• Data records:
┄┄┄┄┄┄┄┄┄┄

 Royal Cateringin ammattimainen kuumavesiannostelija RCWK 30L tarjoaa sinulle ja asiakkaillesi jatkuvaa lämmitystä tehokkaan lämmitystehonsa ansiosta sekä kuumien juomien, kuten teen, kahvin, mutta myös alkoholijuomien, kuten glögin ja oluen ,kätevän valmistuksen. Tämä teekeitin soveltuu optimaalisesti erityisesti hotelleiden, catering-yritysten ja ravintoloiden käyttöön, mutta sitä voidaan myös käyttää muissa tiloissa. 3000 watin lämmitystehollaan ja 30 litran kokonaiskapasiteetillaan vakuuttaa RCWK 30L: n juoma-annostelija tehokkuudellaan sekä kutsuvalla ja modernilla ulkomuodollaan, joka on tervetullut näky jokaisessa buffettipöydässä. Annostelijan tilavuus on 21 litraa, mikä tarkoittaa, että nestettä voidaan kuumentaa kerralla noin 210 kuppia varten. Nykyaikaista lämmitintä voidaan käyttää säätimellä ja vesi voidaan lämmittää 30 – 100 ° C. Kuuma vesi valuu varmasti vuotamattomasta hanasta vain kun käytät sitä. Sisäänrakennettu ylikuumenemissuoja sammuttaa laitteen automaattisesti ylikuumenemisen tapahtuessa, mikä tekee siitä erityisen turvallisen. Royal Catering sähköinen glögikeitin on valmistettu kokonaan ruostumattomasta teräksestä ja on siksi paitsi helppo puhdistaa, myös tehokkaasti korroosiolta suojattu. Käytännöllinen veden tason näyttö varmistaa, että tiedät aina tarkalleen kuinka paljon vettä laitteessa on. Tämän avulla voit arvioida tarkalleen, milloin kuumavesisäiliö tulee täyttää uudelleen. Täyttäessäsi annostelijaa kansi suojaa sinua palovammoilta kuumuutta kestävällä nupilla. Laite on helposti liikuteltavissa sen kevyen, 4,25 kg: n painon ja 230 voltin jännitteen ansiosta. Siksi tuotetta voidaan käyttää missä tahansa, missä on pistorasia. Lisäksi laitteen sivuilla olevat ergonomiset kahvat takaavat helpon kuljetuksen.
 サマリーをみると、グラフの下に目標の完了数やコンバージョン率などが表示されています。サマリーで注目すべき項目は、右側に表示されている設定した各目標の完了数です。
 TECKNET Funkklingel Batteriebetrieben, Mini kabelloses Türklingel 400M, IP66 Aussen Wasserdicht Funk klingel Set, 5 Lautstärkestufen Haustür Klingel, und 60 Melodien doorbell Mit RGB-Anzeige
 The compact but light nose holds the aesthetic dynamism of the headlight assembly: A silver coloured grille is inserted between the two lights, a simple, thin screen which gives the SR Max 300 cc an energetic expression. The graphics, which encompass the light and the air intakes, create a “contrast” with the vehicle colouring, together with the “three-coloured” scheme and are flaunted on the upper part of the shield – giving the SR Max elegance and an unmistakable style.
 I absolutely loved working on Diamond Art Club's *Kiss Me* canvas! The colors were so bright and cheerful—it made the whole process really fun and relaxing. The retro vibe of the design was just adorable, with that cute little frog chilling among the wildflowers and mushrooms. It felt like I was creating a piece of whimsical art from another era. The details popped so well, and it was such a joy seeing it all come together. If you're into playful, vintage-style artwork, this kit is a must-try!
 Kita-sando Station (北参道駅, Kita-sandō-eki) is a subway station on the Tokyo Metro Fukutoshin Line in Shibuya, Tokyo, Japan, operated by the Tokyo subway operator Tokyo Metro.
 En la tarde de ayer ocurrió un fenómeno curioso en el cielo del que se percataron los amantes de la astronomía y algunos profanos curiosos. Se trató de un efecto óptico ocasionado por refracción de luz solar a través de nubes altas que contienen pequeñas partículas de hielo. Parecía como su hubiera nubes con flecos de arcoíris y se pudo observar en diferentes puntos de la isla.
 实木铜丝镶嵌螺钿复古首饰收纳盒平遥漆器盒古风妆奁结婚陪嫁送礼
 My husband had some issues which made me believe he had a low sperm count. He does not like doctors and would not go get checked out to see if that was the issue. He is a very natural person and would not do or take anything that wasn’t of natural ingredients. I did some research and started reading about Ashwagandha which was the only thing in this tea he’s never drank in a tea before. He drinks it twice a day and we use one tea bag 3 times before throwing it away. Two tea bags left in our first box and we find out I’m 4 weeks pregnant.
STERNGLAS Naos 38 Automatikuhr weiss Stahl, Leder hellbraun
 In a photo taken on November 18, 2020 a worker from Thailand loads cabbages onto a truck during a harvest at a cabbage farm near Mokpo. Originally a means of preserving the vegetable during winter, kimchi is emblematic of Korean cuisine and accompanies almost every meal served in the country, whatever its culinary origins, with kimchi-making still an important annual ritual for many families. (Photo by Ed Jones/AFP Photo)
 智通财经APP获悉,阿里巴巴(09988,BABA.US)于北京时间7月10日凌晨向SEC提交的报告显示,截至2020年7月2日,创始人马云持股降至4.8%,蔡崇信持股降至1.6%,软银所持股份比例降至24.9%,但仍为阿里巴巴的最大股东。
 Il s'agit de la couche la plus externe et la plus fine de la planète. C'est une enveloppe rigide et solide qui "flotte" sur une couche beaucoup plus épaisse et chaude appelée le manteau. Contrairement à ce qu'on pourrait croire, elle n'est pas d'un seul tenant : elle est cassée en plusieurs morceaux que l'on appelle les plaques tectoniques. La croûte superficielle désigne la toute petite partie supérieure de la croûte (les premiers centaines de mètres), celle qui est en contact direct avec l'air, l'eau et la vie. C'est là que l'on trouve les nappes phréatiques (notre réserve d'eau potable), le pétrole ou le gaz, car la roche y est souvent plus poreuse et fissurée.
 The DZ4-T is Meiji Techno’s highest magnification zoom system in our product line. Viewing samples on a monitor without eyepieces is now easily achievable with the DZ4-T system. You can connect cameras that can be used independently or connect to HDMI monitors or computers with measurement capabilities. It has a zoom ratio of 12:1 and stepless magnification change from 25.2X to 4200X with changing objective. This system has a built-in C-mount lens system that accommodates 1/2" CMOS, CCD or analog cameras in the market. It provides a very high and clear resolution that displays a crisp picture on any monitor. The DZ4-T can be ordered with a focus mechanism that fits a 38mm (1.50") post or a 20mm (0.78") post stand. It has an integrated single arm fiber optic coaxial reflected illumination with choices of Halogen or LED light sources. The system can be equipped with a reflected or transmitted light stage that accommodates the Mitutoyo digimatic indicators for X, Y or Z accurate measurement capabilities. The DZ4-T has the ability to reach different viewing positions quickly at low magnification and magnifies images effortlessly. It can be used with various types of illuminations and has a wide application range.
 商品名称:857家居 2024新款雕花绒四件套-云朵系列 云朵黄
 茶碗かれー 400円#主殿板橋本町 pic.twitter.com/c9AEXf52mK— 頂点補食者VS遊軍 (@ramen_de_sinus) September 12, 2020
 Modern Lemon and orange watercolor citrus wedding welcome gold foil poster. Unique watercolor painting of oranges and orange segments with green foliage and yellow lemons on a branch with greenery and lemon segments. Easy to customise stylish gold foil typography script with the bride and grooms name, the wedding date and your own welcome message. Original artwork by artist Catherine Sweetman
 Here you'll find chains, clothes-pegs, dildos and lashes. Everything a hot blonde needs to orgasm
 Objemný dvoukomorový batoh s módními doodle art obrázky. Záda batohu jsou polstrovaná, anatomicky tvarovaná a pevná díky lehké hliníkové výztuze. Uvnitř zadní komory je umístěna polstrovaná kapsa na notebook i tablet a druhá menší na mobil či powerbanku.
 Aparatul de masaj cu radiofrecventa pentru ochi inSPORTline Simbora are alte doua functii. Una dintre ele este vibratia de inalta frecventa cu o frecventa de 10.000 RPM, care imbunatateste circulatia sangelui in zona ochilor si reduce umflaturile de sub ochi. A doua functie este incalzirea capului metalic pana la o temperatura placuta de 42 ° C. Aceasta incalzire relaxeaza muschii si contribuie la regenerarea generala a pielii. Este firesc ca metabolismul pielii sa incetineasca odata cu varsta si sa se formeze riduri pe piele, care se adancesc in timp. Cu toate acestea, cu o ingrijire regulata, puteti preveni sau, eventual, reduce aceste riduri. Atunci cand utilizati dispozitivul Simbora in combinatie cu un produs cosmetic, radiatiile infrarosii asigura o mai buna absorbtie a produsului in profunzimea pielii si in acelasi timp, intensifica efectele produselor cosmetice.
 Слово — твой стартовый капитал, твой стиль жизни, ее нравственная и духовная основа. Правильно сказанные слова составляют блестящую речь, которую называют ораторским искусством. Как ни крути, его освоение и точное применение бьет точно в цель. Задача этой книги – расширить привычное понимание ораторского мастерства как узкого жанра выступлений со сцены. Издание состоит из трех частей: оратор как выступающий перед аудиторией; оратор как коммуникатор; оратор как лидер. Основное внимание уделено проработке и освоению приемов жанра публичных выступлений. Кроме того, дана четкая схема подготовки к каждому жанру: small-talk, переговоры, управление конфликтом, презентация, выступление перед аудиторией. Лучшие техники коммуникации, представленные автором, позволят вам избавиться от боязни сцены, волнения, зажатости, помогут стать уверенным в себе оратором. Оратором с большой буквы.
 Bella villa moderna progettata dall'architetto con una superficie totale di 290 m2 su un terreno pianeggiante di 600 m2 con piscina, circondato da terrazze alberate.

┄┄┄┄┄┄┄┄┄┄

• What this task involves: Wherever the line holding "My husband had" falls in the entries above, copy exactly from it through the line holding "Il s'agit de", inclusive, and add nothing.

• Task answer:
 My husband had some issues which made me believe he had a low sperm count. He does not like doctors and would not go get checked out to see if that was the issue. He is a very natural person and would not do or take anything that wasn’t of natural ingredients. I did some research and started reading about Ashwagandha which was the only thing in this tea he’s never drank in a tea before. He drinks it twice a day and we use one tea bag 3 times before throwing it away. Two tea bags left in our first box and we find out I’m 4 weeks pregnant.
STERNGLAS Naos 38 Automatikuhr weiss Stahl, Leder hellbraun
 In a photo taken on November 18, 2020 a worker from Thailand loads cabbages onto a truck during a harvest at a cabbage farm near Mokpo. Originally a means of preserving the vegetable during winter, kimchi is emblematic of Korean cuisine and accompanies almost every meal served in the country, whatever its culinary origins, with kimchi-making still an important annual ritual for many families. (Photo by Ed Jones/AFP Photo)
 智通财经APP获悉,阿里巴巴(09988,BABA.US)于北京时间7月10日凌晨向SEC提交的报告显示,截至2020年7月2日,创始人马云持股降至4.8%,蔡崇信持股降至1.6%,软银所持股份比例降至24.9%,但仍为阿里巴巴的最大股东。
 Il s'agit de la couche la plus externe et la plus fine de la planète. C'est une enveloppe rigide et solide qui "flotte" sur une couche beaucoup plus épaisse et chaude appelée le manteau. Contrairement à ce qu'on pourrait croire, elle n'est pas d'un seul tenant : elle est cassée en plusieurs morceaux que l'on appelle les plaques tectoniques. La croûte superficielle désigne la toute petite partie supérieure de la croûte (les premiers centaines de mètres), celle qui est en contact direct avec l'air, l'eau et la vie. C'est là que l'on trouve les nappes phréatiques (notre réserve d'eau potable), le pétrole ou le gaz, car la roche y est souvent plus poreuse et fissurée.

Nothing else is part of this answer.